The collective, if it is to have any individuality at all, this individuality must be sought at the level of particular affects and emotions, particular ways of feeling and perceiving the world, which is often tied to particular objects. In place of the rigid distinction between affects and emotions, in which one is social the other individual, Simondon argues that both individuals and collectives are constituted by affects and emotions; which is to say that individuals individuated as subjects and the individuation of collectivity, the constitution of definite collectives, are both constituted through the preindividual dimension of affects, and their increasing individuation into emotional evaluations. Collectives are defined by their “structures of feeling.’
Despite the terminological difference of affect and emotion, Spinoza and Simondon both see affect as something that passes between the preindividual and the transindividual (even if these specific terms are missing from the former). For Simondon affects are part of the metastable milieu that remains even as individual emotions and perceptions are constituted. The affective dimension carries tensions and intensities over from the preindividual milieu, constituting a kind of indetermination at the heart of individuation, an indetermination that demands a social dimension in order to be at least partially resolved. In a similar fashion, Spinoza’s affects are preindividual, they are less determinate states of individuals and properties of objects than passages and transformations, increases and decreases of power. Joy is nothing other than a passage from a lesser to a greater perfection and sadness is only the opposite. They are intensities, transformations of states, rather than determinate conditions. The states cannot be separated from their supposed opposites, from the ambivalence of the affects; sadness cannot be rigorously separated from joy, hate from love. As much as the affects are less determined states than an index of their transformation, constituting a process of the constitution and destruction of individuation, they are necessarily transindividual. Or, more to the point, it is because the affects are always situated in the increases and decreases of power that they are necessarily transindividual. For Simondon the progression of individuation that takes place between affects and emotions necessarily passes through the transindividual as affects coalesce around perceptual points of view and relations. While in Spinoza it is not that one passes from the preindividual affects to individuated emotions, but the basic affects of love and hate enter into increasingly individuated combinations as they shape the affective composition of a given individual. As Spinoza writes, ‘each affect of each individual differs from the affect of another as much as the essence of one from the essence of the other’ (EIIIP57). The different essences are nothing other than the different compositions and combinations of affects. Affects and emotions are the transindividual intersection between individual and collective individuation.

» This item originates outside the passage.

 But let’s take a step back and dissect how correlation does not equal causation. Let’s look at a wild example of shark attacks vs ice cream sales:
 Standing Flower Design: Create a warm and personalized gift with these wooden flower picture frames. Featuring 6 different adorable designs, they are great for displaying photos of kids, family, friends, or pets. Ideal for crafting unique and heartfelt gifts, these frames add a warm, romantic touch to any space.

The difference of terminology between affect and emotion risks obscuring another more salient difference between Simondon and Spinoza. Spinoza’s relational account of the various affects is oriented around a fundamental distinction, the fundamental axiological distinction of an increase or decrease in power. It is this distinction that initially distinguishes joy and sadness, and is carried over into the various permutations of love and hate. This is not to suggest that this duality constitutes some kind of core that all of the affects could be reduced to, so all that matters is joy or sadness, increase or decrease in power. There is a constitutive tension between the basic orientation of joy and sadness and the constitutive complexity of the myriad ways sadness and joy are combined and articulated. Second, this duality of joy and sadness is divided again in the split between the joyful passive affects and the sad passive affects, between those affects which are joyful, reflecting an increase of power, but have an external cause, and those that have their own internal determination. At the level of affects one divides into two. This complicates the initial axiology of joy and sadness, introducing the idea that there is a negative dimension to passive joys, a possibility that they can be excessive, and positive dimension, or at the very least a utility, to such passive sad affects as fear and humility. Spinoza’s definition of the affects is situated within the ethical horizon of becoming active.

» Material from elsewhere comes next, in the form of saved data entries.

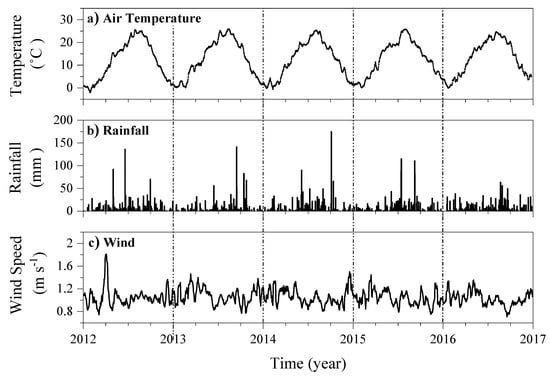 Typical variation of (a) air temperature (11-day moving average), (b) rainfall, and (c) wind speed from 2012 to 2016 from the dam station.
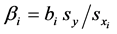 Another commonly used formula, can be derive the estimation of the standardised regression coefficients
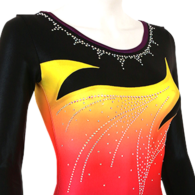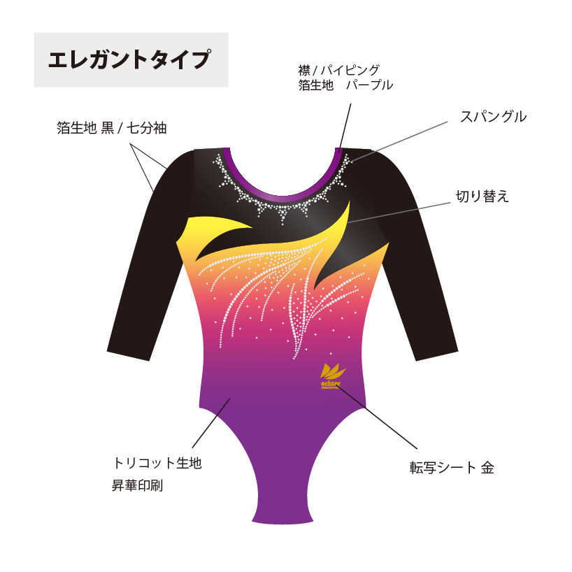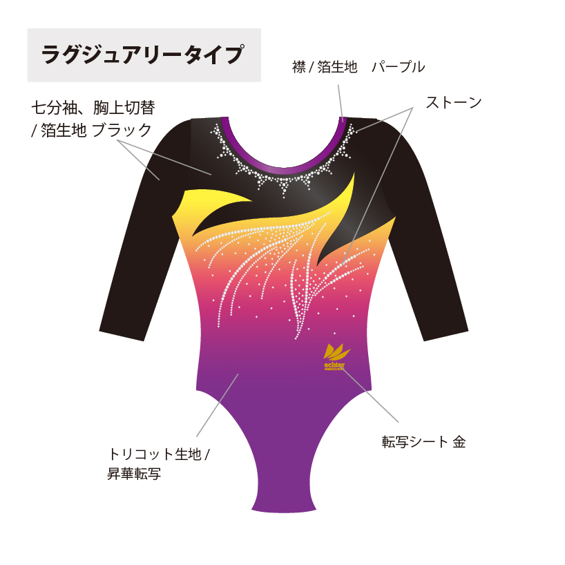 試合用を想定した豪華なデザインのレオタードです。 色変えと、チーム名加工(別途お見積り)も可能です。 ご希望の場合は「お問い合わせ」よりご相談くださいませ。 掲載写真はラグジュアリータイプの仕様となります。 下記二つの仕様からお選びいただけます。 ラグジュアリータイプ エレガントタイプ ※エレガントタイプの仕様は画像よりご確認ください。

Between Simondon and Spinoza we have the basic coordinates that orient Deleuze’s thoughts on affect. Affects are situated within the process of collective and individual individuation, constituting the basis of both collective relations and individual subjectivity. The axis of the individual and collective is in turn bifurcated by the axis dividing the becoming active from becoming passive. Which is to argue that affects are the conditions of both subjection, and transformation, situated between power and individuation.
Anti-Oedipus, the first of the two volumes of Capitalism and Schizophrenia, opens with a citation of the fundamental political question of Spinoza’s work, “Why do men fight for their servitude as if it was salvation?” Spinoza’s answer to this question necessarily involved the affects of fear, ambition, and hope as they structure both political life and individual desires. Thus, it is somewhat odd to note that affect does not appear in Anti-Oedipus, at least by name. That it does not appear by name does not mean that it does not appear in Anti-Oedipus. Affect appears between the lines in terms of both of the general problems outlined above, subjection and individuation. More importantly with respect to Spinoza, Anti-Oedipus shifts the basic problem of servitude and salvation from politics understood as the rule of tyranny to political economy.

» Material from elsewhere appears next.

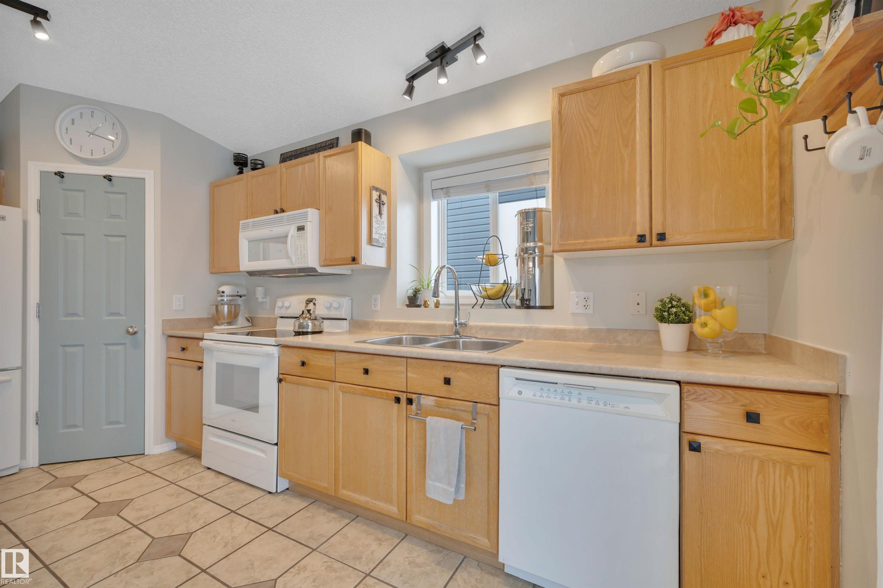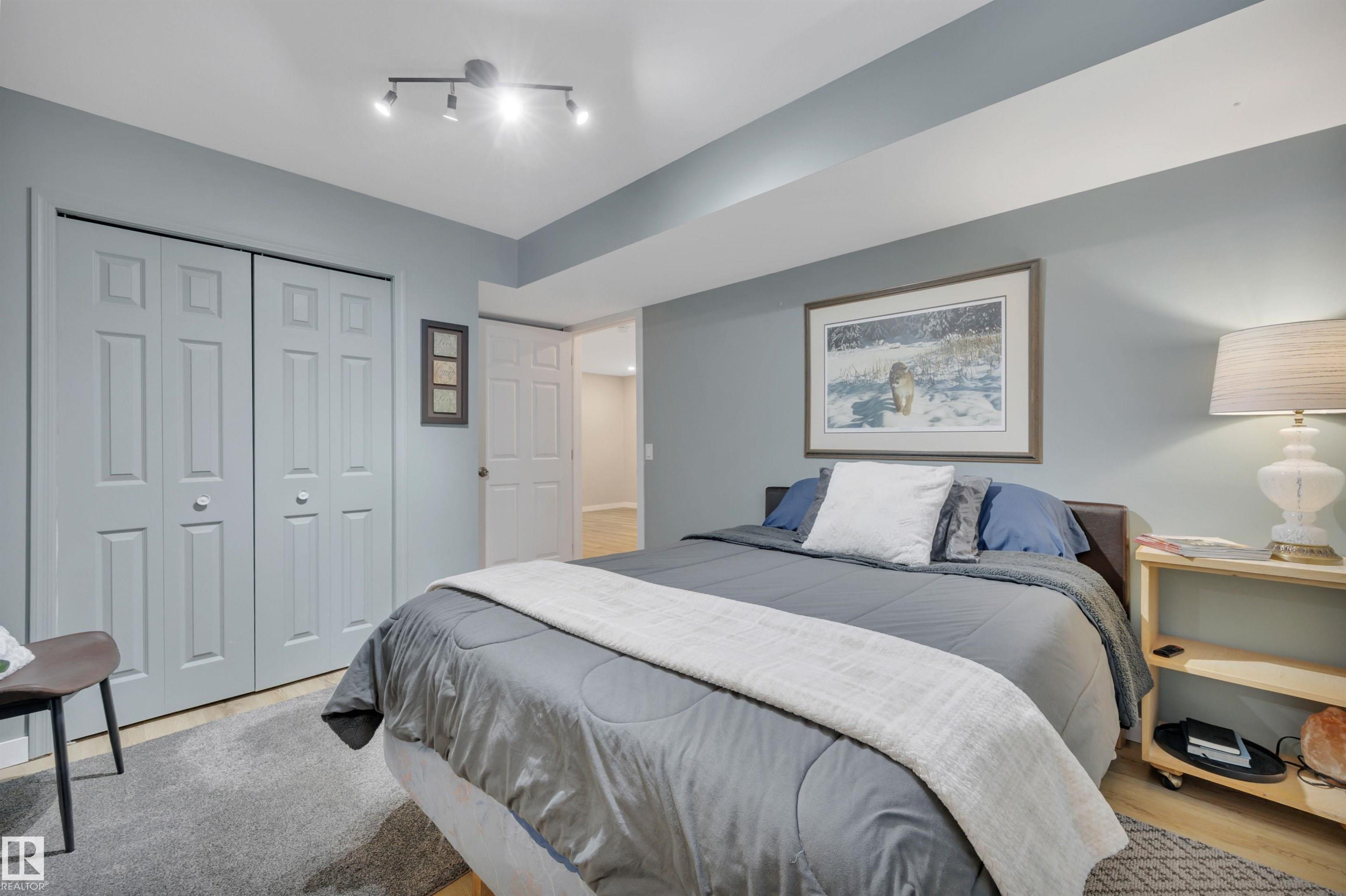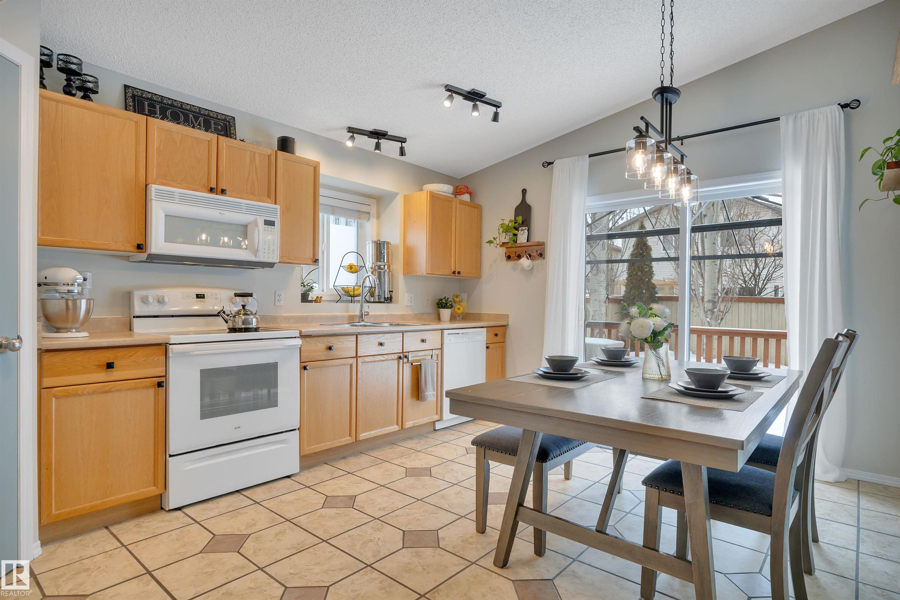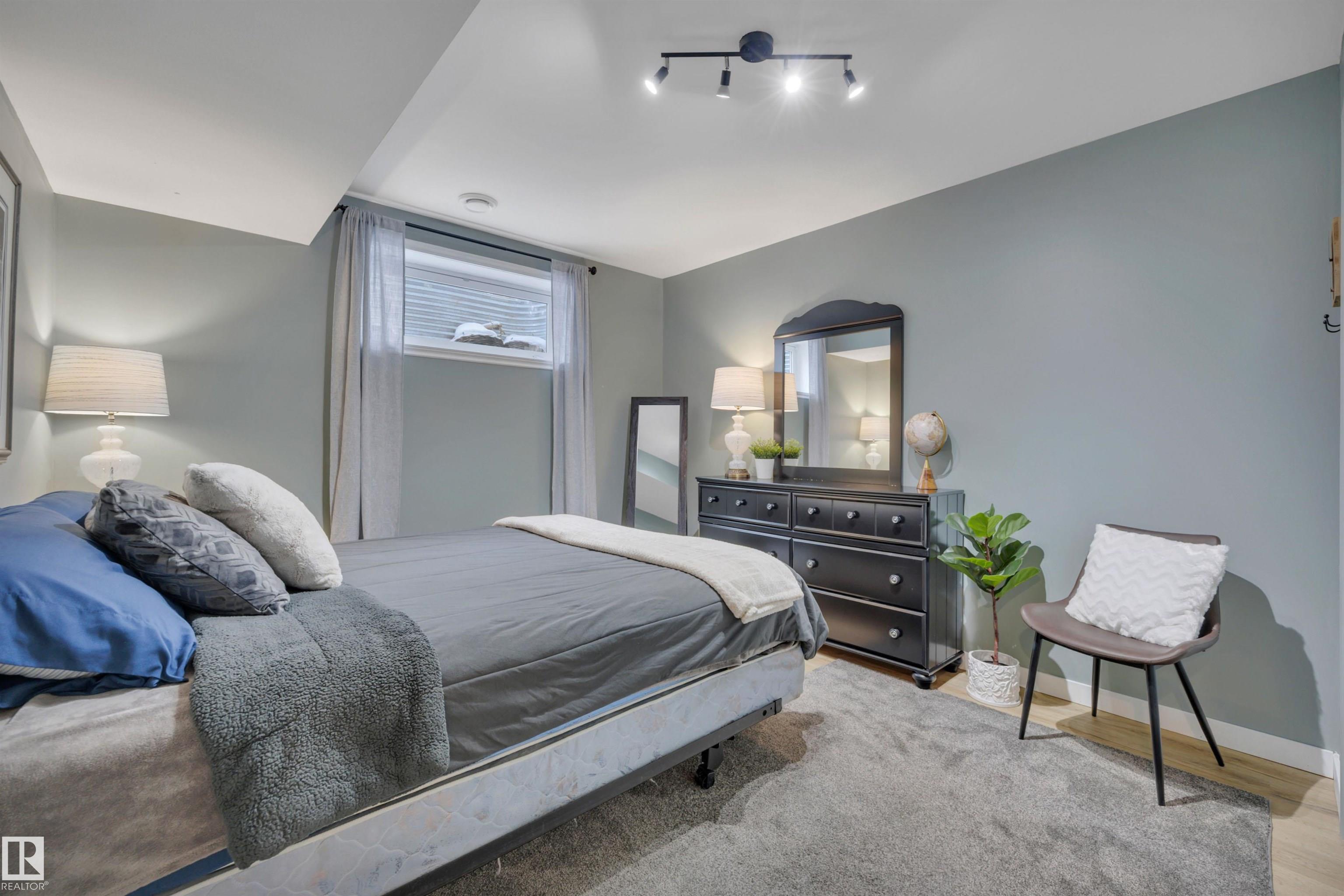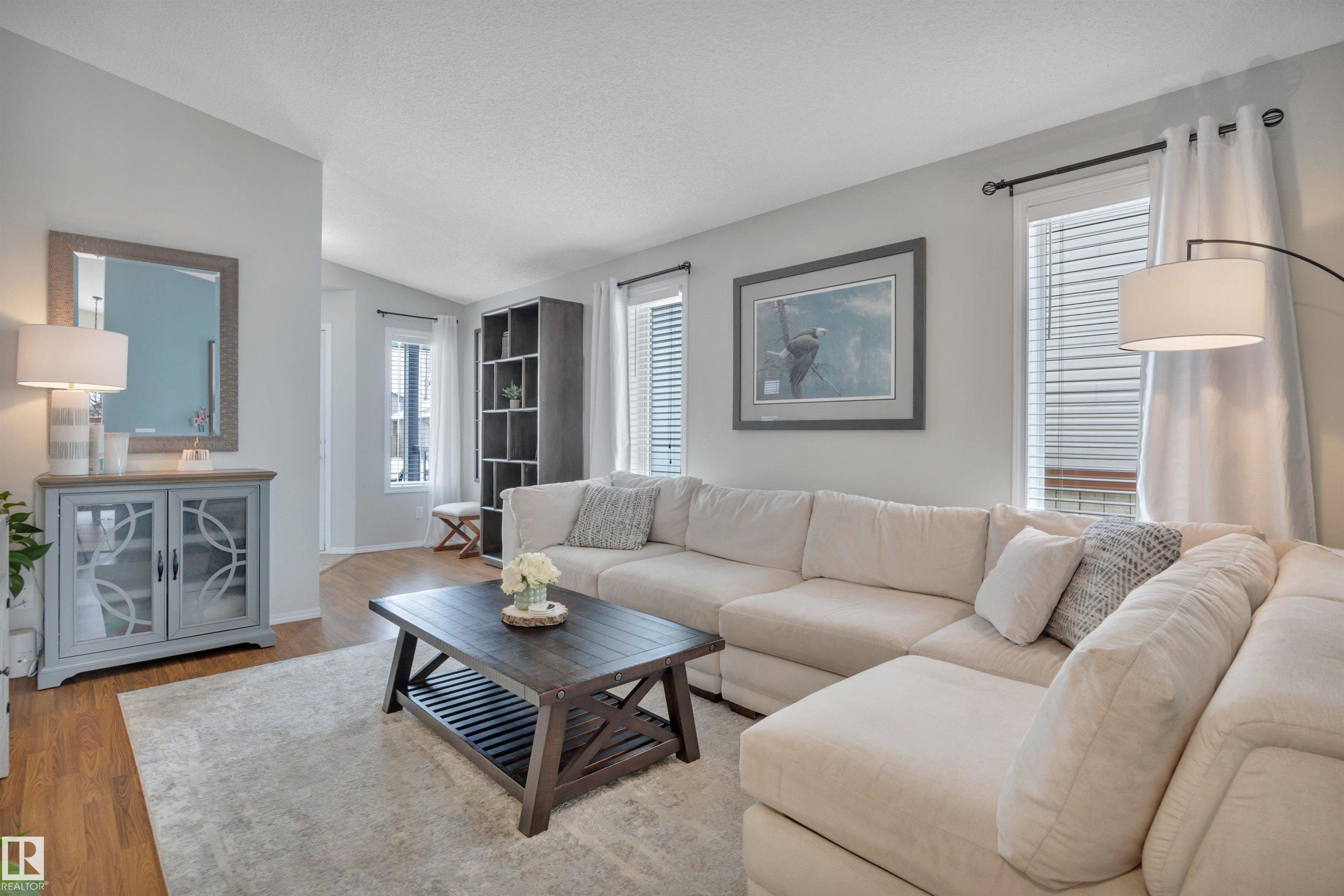 Immaculate and inviting, this charming bungalow is the ideal home for a small family or first-time buyers. The spacious eat-in kitchen features ceramic tile, warm oak cabinetry, and patio doors that open onto a private yard with a welcoming deck. Laminate flooring flows through the bright living room and into the two generously sized main-floor bedrooms. The fully finished basement adds exceptional value with a large 3-piece bathroom, comfortable rec room, additional bedroom, bonus room and abundant storage space. Situated within walking distance of Lakewood Park and close to schools, shopping, a theatre and everyday amenities, this home is also an easy commute to Edmonton. An attached double garage completes the package. This is a delightful home to move into and enjoy!

Affect appears first in Anti-Oedipus under a different name, that of “stimmung,” or mood. (While the term “stimmung” suggests Heidegger, who philosophers such as Etienne Balibar and Antonio Negri have recognized as the other, often opposed, philosopher of affect. The reference is to Nietzsche by way of Klossowski.) Either way the fundamental effect suggests a broader basis for a philosophy of affect. What ties these different and disparate philosophies together is the assertion of the unavoidable affective or emotional dimension of all thought as a fundamentally orienting dimension of thought. Deleuze and Guattari situate stimmung, the intensities of affect, with the third synthesis, that of conjunctive synthesis of consumption. A few provisional conclusions can be drawn from this placement (without necessarily engaging Deleuze and Guattari’s entire reading of syntheses). First and foremost: Affects are consumed, this consumption comes after the synthesis of the production and the recording of desire. Deleuze and Guattari locate the subject on this synthesis. It comes after the production of desire and the recording of desire, caught between the tension between the forces that constitute the world and their inscription. As Deleuze and Guattari write,
Thus this subject consumes and consummates each of the states through which it passes, and is born of each of them anew, continuously emerging from them as a part made up of parts, each one of which completely fills up the body without organs in the space of an instant.
Deleuze and Guattari’s conception of subject can be compared to Spinoza’s assertion that we do not want something because it is good, but we call it good because we want it, desire it, and strive for it. Our affects come after the history, a history of production and recording, that determine them, and our awareness of affects come even after that. Subjectivity is secondary to, and unaware of, the process that produces it. It is situated between desiring production and the body without organs, between the process of production and its product, a product that in turn appropriates the various process of production. Phrased differently, we could say that affects, intensities, are always situated between the process of individuation, the production and practices that produce and exceed individuation, and its product, the individual, between the conditions of individuation and individuation itself. Affect is the instability and tension of the relation of individuation and production, and as such it can always misrecognize its conditions. As Deleuze and Guattari cite one of Marx’s more prosaic statements, “we cannot tell from the mere taste of wheat who grew it: the product gives us not hint as to the system and the relations of production.”  Deleuze and Guattari draw profound insights from this simple statement, connecting it to the idea of commodity fetishism, a process of production This is the condition for oedipal subjectivity, a subject that continually misrecognizes the condition of its production, seeing itself as the product of the family rather than the historical process which has produced it.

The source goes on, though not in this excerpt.